## Task instructions
Show the lines below that contain the string "with".

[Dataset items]

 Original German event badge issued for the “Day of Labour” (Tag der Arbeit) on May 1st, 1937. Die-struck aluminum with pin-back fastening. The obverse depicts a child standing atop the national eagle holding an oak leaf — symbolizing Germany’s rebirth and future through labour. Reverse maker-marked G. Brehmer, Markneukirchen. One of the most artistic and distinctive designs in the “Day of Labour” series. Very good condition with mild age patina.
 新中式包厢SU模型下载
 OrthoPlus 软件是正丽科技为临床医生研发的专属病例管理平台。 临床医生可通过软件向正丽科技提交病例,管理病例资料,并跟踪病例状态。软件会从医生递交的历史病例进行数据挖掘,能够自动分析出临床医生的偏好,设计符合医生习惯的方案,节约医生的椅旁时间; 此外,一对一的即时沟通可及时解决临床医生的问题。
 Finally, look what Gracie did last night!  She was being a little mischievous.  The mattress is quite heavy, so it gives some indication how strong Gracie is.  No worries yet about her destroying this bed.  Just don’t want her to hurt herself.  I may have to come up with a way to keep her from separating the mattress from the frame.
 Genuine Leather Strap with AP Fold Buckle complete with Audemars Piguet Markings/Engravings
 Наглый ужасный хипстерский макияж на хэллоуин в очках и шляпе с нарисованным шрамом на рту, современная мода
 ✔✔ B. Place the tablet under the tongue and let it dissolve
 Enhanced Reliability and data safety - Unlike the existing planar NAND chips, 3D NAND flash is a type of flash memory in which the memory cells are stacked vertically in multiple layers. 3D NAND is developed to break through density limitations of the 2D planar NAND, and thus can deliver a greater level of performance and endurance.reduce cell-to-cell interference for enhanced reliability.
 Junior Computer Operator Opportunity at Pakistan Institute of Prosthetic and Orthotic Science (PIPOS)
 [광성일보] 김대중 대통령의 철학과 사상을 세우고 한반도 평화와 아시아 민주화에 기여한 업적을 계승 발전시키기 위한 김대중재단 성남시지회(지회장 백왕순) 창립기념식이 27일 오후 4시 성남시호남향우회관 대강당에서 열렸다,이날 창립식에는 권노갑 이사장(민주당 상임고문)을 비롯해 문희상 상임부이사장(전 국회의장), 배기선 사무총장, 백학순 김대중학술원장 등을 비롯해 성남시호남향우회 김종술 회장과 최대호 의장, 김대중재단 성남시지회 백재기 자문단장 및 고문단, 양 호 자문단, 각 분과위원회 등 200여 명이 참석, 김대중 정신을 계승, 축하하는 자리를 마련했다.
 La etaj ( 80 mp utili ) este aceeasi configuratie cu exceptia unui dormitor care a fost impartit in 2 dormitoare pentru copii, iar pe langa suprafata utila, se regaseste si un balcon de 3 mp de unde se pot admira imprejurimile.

## Exercise output
 Original German event badge issued for the “Day of Labour” (Tag der Arbeit) on May 1st, 1937. Die-struck aluminum with pin-back fastening. The obverse depicts a child standing atop the national eagle holding an oak leaf — symbolizing Germany’s rebirth and future through labour. Reverse maker-marked G. Brehmer, Markneukirchen. One of the most artistic and distinctive designs in the “Day of Labour” series. Very good condition with mild age patina.
 Finally, look what Gracie did last night!  She was being a little mischievous.  The mattress is quite heavy, so it gives some indication how strong Gracie is.  No worries yet about her destroying this bed.  Just don’t want her to hurt herself.  I may have to come up with a way to keep her from separating the mattress from the frame.
 Genuine Leather Strap with AP Fold Buckle complete with Audemars Piguet Markings/Engravings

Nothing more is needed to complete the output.